The last strains of the music worked their way out of the sound system. " 'My Old Kentucky Home.' For Bryant. He's from Kentucky, in North America on Terra. That's the damn song."
"Never heard of it." It certainly wasn't popular in the Buenos Aires arcologies where he'd grown up, the last place he'd spent more than a two-day layover on his home world.
"Old folk song. Nineteenth, twentieth century. Can't imagine how they found it. It's—"
Whatever it was, Sergei didn't have a chance to find out, since the admiral, accompanied by the officers of the base, had finished the opening pleasantries, and was approaching to begin the extended series of introductions.
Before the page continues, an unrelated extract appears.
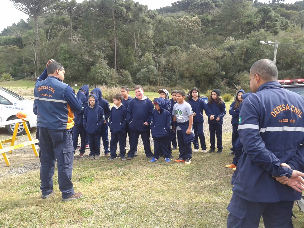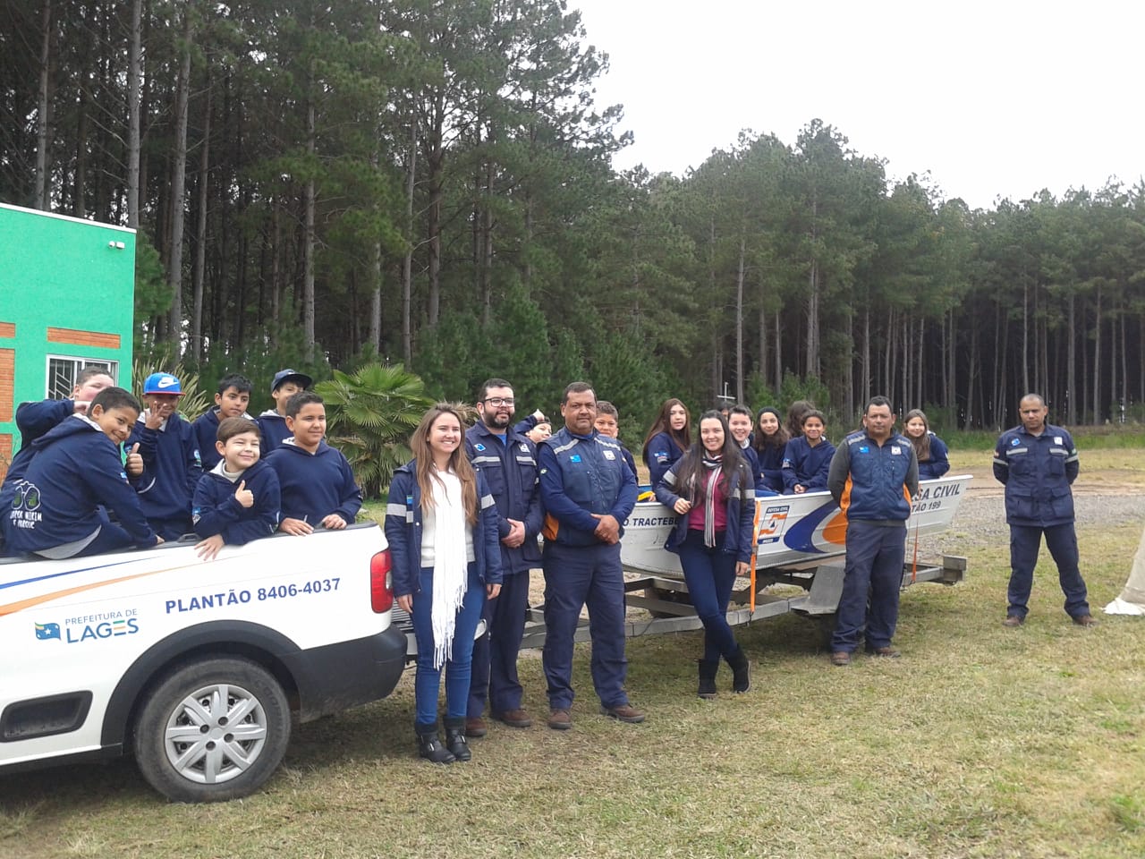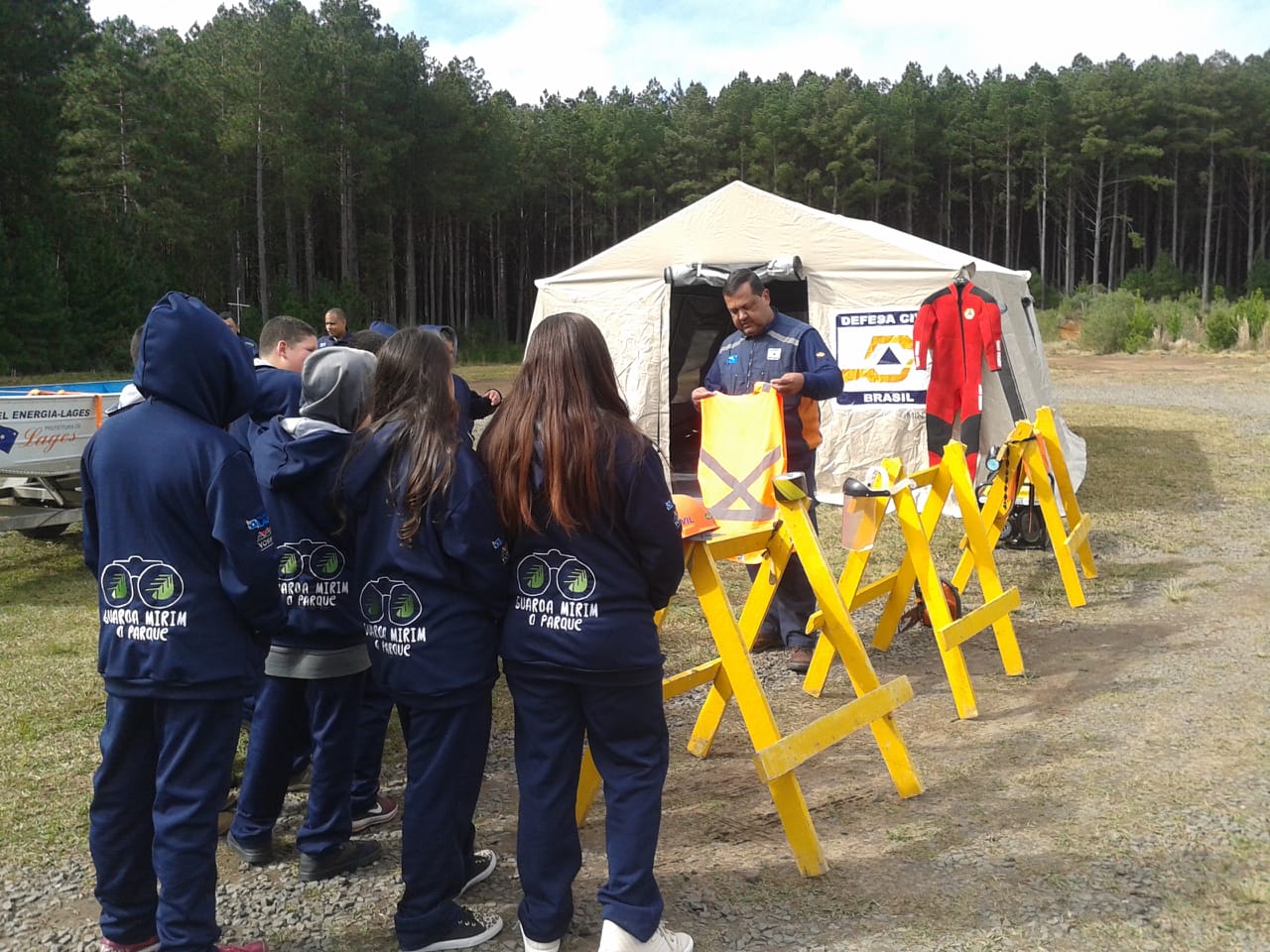 Pela manhã desta terça-feira (20 de agosto), os alunos do curso do Projeto Guarda Mirim, do Parque Natural João José Theodoro da Costa Neto (Parnamul), receberam agentes da Defesa Civil de Lages, ministrantes de uma palestra sobre desastres naturais, medidas de prevenção e de diminuição e amenização das causas e impactos, aspectos relacionados a inundações, cheias, enchentes, deslizamentos de terra e vendavais, além de os profissionais dividirem dicas sobre primeiros-socorros e reforçarem o acionamento do 199 na ocorrência de algum problema deste tipo. Foram mostradas as viaturas utilizadas diariamente no trabalho da Defesa Civil, barcos, barraca de emergência e outros equipamentos e utensílios, como coletes e cavaletes de sinalização e roupa específica para salvamento aquático.

It took long minutes for the group to reach the row where Sergei stood next to Ted McMasters, but by the time it arrived, he'd already committed the names of the chief officers onstation to memory. Sir Stefan Ewing, Lord Governor of Pergamum. Ewing was clearly a popinjay, a nobleman dressed in a Navy uniform, cut ever so slightly different from regulation; this was the privilege of an admiral, and Ewing was only a commodore, but Admiral Bryant didn't seem to find fault: nor could he, really, considering the importance of the Ewing family here in the New Territories. It irked Sergei to think that the most-forward naval base, even in peacetime, was in the hands of a noble fop who (if he remembered right) had purchased his commission.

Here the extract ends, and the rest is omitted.